15. Niepewność
Melanie bardzo żałowała, że ostatnia w roku dostawa zapasów na Wolf Rock została przesunięta. Wypadała równo tydzień przed świętami, więc ktoś zadecydował, że nie warto tracić paliwo i najlepiej załatwić tę sprawę przy okazji transportowania latarnika na ląd na zasłużony — jednodniowy — urlop.

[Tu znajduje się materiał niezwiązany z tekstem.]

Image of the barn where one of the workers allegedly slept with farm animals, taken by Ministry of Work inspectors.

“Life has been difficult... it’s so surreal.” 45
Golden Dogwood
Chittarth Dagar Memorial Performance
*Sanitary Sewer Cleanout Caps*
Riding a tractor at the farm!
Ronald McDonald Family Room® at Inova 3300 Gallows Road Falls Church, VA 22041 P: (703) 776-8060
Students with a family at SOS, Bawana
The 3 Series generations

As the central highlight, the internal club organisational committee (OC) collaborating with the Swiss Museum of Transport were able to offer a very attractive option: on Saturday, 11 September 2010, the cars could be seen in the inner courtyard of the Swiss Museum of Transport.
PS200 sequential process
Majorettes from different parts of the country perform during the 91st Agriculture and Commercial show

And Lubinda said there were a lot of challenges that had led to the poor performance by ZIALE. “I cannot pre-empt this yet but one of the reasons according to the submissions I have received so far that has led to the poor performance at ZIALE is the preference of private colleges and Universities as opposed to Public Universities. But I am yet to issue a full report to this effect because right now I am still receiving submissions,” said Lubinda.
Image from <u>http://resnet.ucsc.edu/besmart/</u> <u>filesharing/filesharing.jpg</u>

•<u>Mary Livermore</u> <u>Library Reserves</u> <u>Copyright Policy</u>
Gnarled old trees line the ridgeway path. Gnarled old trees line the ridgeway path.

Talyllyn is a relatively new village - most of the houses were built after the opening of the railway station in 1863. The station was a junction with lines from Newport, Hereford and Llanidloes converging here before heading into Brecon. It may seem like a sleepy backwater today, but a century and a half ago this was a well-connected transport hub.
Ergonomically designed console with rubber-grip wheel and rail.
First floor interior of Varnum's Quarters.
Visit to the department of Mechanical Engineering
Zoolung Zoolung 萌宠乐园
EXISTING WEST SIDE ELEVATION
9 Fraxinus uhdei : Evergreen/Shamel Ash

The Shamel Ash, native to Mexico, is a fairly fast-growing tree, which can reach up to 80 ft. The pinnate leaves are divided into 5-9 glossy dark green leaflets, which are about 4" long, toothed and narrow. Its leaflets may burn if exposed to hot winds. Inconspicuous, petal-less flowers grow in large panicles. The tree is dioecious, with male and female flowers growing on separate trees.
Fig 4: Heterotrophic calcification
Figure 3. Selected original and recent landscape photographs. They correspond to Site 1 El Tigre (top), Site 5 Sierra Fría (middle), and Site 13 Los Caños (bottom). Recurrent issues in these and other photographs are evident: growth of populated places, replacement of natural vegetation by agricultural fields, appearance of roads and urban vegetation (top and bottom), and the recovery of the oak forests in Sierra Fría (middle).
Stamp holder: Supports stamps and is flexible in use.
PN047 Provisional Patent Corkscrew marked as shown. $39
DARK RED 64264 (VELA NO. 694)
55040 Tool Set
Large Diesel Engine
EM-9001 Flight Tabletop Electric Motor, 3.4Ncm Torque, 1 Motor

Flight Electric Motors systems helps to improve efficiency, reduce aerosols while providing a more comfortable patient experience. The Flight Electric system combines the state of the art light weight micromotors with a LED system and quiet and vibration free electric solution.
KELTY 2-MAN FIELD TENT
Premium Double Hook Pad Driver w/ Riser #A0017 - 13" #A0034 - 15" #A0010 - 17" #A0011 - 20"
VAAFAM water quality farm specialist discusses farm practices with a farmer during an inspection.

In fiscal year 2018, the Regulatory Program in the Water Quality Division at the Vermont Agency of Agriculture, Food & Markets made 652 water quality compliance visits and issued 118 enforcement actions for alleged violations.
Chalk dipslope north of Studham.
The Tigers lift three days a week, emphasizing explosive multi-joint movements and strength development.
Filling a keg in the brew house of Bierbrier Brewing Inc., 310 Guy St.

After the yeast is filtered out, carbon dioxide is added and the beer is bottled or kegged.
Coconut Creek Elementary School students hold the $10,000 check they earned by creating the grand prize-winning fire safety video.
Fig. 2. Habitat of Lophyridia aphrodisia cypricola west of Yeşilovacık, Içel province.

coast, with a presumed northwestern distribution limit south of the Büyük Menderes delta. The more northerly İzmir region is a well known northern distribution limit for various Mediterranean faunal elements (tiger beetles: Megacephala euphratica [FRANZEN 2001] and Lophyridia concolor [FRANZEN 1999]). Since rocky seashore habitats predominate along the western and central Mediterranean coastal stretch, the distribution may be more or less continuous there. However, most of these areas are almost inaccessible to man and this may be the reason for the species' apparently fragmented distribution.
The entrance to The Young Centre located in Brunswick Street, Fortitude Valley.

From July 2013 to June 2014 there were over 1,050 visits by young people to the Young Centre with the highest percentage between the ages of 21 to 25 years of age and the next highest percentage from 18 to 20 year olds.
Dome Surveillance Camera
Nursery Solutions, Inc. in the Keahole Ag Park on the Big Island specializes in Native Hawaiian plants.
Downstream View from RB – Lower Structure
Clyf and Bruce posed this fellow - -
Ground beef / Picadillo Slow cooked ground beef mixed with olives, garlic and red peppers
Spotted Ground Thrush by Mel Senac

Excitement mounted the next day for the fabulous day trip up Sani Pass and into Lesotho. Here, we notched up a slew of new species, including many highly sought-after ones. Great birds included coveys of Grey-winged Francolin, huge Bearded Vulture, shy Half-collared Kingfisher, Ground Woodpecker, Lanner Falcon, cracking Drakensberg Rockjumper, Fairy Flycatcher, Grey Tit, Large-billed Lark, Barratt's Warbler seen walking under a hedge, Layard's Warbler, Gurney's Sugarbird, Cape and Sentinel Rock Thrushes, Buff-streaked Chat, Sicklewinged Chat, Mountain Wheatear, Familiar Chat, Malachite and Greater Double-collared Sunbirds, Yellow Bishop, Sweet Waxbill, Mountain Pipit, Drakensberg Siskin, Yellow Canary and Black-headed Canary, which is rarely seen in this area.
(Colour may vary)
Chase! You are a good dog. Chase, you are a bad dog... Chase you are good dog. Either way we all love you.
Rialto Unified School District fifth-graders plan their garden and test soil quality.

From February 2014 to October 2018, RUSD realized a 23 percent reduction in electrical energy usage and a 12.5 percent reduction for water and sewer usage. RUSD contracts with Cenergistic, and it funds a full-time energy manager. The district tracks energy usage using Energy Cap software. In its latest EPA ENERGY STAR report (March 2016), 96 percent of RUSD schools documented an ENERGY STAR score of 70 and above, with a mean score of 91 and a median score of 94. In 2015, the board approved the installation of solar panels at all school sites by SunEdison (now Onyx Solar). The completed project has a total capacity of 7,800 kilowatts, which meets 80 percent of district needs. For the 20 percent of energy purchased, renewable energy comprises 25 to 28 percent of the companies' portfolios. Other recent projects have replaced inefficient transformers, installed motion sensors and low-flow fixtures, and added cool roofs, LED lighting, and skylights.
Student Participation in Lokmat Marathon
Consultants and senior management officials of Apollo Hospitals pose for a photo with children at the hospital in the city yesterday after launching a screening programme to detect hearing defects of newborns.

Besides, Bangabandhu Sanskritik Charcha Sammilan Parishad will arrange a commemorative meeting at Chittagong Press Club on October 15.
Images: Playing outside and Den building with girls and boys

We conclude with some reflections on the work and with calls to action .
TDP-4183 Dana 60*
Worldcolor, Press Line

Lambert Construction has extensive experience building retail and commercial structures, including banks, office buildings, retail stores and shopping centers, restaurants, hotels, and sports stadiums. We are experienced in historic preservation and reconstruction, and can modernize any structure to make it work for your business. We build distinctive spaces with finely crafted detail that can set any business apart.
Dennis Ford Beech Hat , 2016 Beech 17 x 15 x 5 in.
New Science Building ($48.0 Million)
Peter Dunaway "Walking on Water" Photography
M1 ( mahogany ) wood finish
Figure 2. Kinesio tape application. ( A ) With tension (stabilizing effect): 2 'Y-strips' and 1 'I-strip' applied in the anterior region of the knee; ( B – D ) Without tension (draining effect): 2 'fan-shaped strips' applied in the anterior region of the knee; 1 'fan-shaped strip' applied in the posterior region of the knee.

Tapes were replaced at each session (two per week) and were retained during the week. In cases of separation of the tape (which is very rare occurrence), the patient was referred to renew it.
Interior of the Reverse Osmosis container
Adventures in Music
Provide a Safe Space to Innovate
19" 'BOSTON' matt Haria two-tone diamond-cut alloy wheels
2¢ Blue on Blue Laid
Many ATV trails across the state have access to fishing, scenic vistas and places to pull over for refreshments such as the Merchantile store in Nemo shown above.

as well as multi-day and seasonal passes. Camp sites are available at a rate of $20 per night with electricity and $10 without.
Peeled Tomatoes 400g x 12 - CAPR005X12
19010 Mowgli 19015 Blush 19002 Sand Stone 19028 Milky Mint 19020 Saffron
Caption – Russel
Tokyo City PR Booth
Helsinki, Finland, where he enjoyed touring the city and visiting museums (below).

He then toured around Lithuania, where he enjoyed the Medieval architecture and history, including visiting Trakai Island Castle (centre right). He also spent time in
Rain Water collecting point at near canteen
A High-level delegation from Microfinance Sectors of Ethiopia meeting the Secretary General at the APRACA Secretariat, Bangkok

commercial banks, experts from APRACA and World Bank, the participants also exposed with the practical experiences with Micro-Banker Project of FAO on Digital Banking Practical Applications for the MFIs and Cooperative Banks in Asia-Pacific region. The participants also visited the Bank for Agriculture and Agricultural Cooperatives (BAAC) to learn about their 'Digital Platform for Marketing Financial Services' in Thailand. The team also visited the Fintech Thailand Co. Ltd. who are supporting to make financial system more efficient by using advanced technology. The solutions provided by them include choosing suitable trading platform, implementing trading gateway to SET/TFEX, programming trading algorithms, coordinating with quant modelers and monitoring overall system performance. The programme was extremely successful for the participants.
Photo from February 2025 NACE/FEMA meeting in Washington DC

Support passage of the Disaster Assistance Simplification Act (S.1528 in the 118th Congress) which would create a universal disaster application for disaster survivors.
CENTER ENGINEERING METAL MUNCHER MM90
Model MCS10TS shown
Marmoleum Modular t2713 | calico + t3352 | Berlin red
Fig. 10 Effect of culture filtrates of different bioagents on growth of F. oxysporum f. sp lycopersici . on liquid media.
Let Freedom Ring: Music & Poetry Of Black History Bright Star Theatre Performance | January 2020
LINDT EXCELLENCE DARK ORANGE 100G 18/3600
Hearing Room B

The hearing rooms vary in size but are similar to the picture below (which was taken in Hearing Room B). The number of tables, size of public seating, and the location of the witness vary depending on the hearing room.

Atmosfera zbliżających się obchodów zawsze szalała w domu państwa Penrose na długo przed wyczekiwaną datą. Przygotowania nie miały końca, a Gianna nadzorowała je z pełną surowością. Począwszy od gruntownego sprzątania, aż po zdecydowanie za dużą ilość ozdób w i na zewnątrz domu. Wszystkim zabiegom towarzyszyła głośna, świąteczna muzyka, oczywiście w języku włoskim.
W tym roku mama zapędziła do pracy nawet Melanie i nie chciała słyszeć żadnych wymówek. Melanie nie raz miała ochotę puknąć się w głowę i zapytać, czy aby przypadkiem nie przesadzają z tym wszystkim. Kiedy jednak widziała radość, z jaką jej mama podchodziła do przygotowań... nie potrafiła zaprotestować. Posłusznie pomagała przy strojeniu choinki i szorowaniu szczoteczką kafelek w łazience.
Dawno już nie zmęczyła się przy takich zwykłych czynnościach. Dawno nie czuła kropelek potu na skroniach, nie otarła sobie skóry na łokciach, ani nie ukłuła się w palce igłami choinki. Posiłek zjedzony po całym dniu pracy smakował inaczej, łyk wody orzeźwiał i nawet sen wydawał się głębszy.
W pewnym momencie pomoc w domu prawie zaczęła sprawiać jej przyjemność.
Gdzieś z tyłu głowy nieustannie zastanawiała się, jak to będzie. Jak poradzi sobie z obecnością siostry i jej rodziny, no i oczywiście... Will. Czy nie pożałuje, że zgodził się przyjechać? Jak zareaguje na jej krewnych i jak oni potraktują jego?
Nawet nie zorientowała się, że przestała myśleć o latarniku jako o sposobie na przetrwanie świąt. Teraz naprawdę traktowała go jak pełnoprawnego gościa.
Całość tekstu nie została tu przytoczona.